10. Mr. Chagla on behalf of the respondent has raised a preliminary objection. He says that the order made by Mr. Justice B. J. Wadia is not a judgment within the meaning of Clause 15 of the Letters Patent. Now, the exact meaning of that expression has given rise to a good deal of controversy in the various High Courts in this country, but so far as this Court is concerned, it has consistently followed a judgment of the Calcutta High Court in the case of The Justices of the Peace for Calcutta v. The Oriental Gas Company (1872) 8 Beng. L.R. 433 : 17 W. R. 364. In that case Couch C. J. said (p. 452) :-

We think that ' judgment' in Clause 15 means a decision which affects the merits of the question between the parties by determining some right or liability.

Does the order appealed from decide any question between the parties and determine any right or liability On the notice of motion there was, in my opinion, no question between the parties. Proceedings for contempt are matters entirely between the Court and the person alleged to have been guilty of contempt. No party has any statutory right to say that he is entitled as a matter of course to an order for committal because his opponent s guilty of contempt. All that he can do is to come to the Court and complain that the authority of the Court has been flouted, and if the Court thinks that it was so, then the Court in its discretion takes action to vindicate its authority. It is, therefore, difficult to see how an application for contempt raises any question between the parties, so that any order made on such an application by which the Court in its discretion refuses to take any action against the party alleged to be in the wrong can be said to raise any question between the parties.

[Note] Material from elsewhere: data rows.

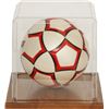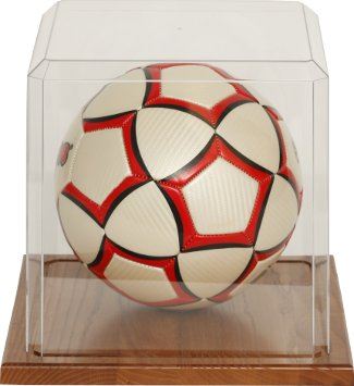 For the really special mementos we have added a real wood, hand-finished base to our classic plastic display case. The base is grooved to fit the case and has a honey oak finish. The display case has crystal clear clarity & beveled edges for beauty. The unique carton features an image of actual grass as well as an image of a real hardwood basketball floor that can be cut out and placed on the bottom of the case for a customized look. This is also a great football display case, a soccer ball display case, a volleyball display case, a glove display case, and a hat display case. For footballs; you can put a kicking tee in the display case and make the football look like it’s sitting on the field. Interior Dimensions: (9-3/4” x 9-3/4” x 9-5/8”)(soccer ball not included)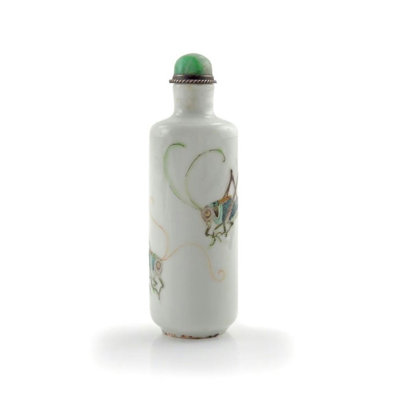 A CHINESE PORCELAIN SNUFF BOTTLE C.1900 The cylindrical body painted with two crickets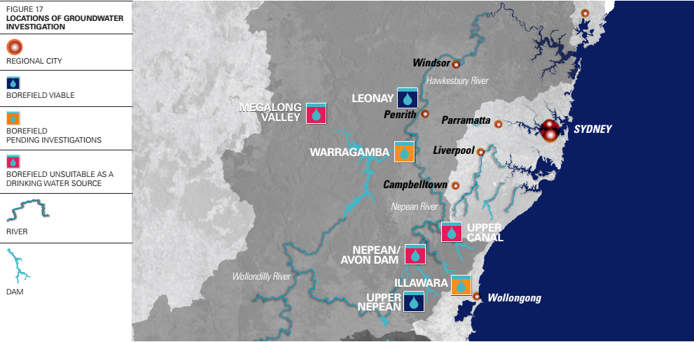 - Groundwater investigations indicate that there are promising reserves at Kangaloon and Leonay near Penrith. This will be accessed if Sydney dam levels fall below 40 per cent.
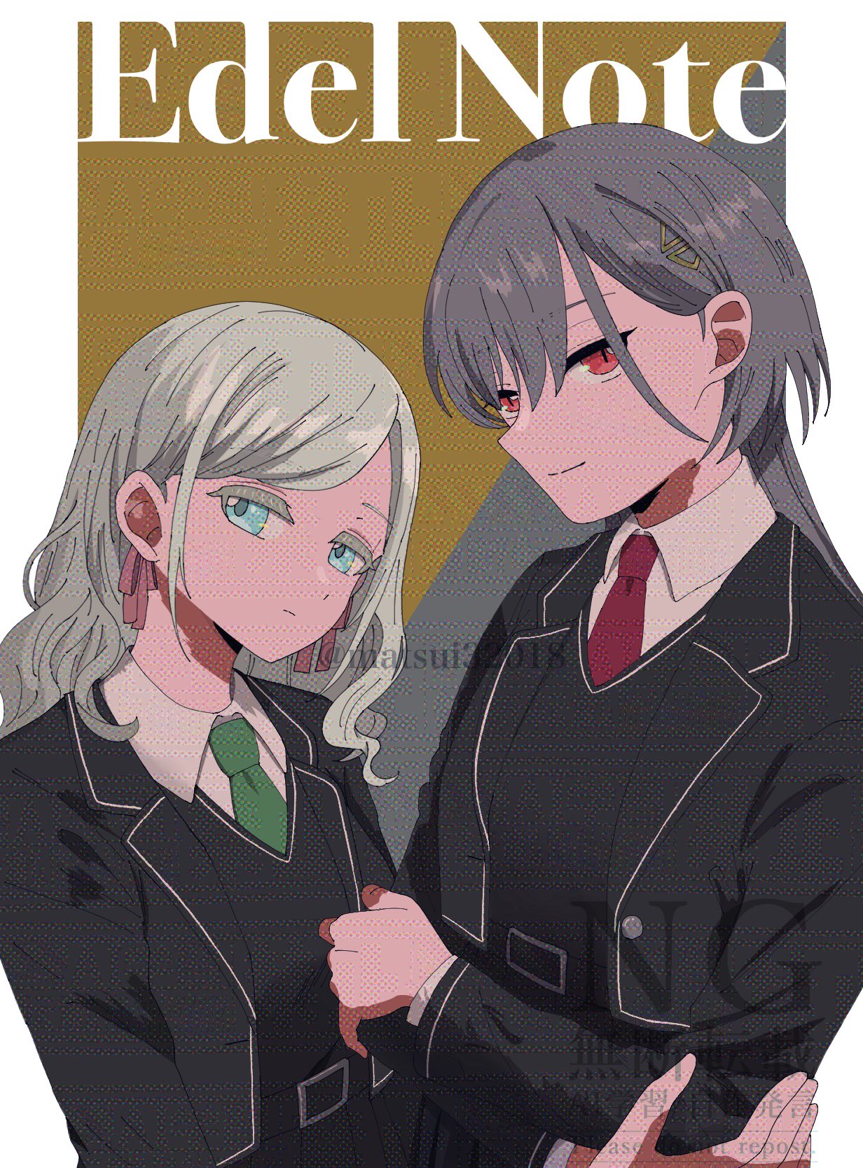 2girls black_jacket black_skirt black_sweater_vest blazer blue_eyes brown_background ceras_yanagida_lilienfeld collared_shirt colored_eyelashes dress_shirt edel_note expressionless green_necktie grey_hair group_name hair_ornament hair_ribbon highres jacket katsuragi_izumi light_frown link!_like!_love_live! long_hair looking_at_viewer love_live! matsui_ibuki mizukawa_school_uniform multiple_girls necktie open_clothes open_jacket orange_eyes pink_ribbon pleated_skirt red_necktie ribbon school_uniform shirt skirt slit_pupils smile sweater_vest triangle_hair_ornament twitter_username upper_body virtual_youtuber watermark watermark_grid wavy_hair white_shirt wolf_cut

11. Sir Jamshed Kanga, however, relies upon the case of Mohendra Lall Mitter v. Anundo Coomar Mitter I.L.R. (1897) Cal. 236, where three Judges of the Calcutta High Court were of the opinion that an order like the one we have in this appeal was appealable. No reasons, however, seem to have been given for this opinion, and with all respect to the learned Judges I am unable to agree that an order refusing to commit the party alleged to have committed a breach of the order of the Court is a judgment within the meaning of Clause 15 of the Letters Patent.

12. In these circumstances, I think the preliminary objection must be upheld, and the appeal must be dismissed with costs.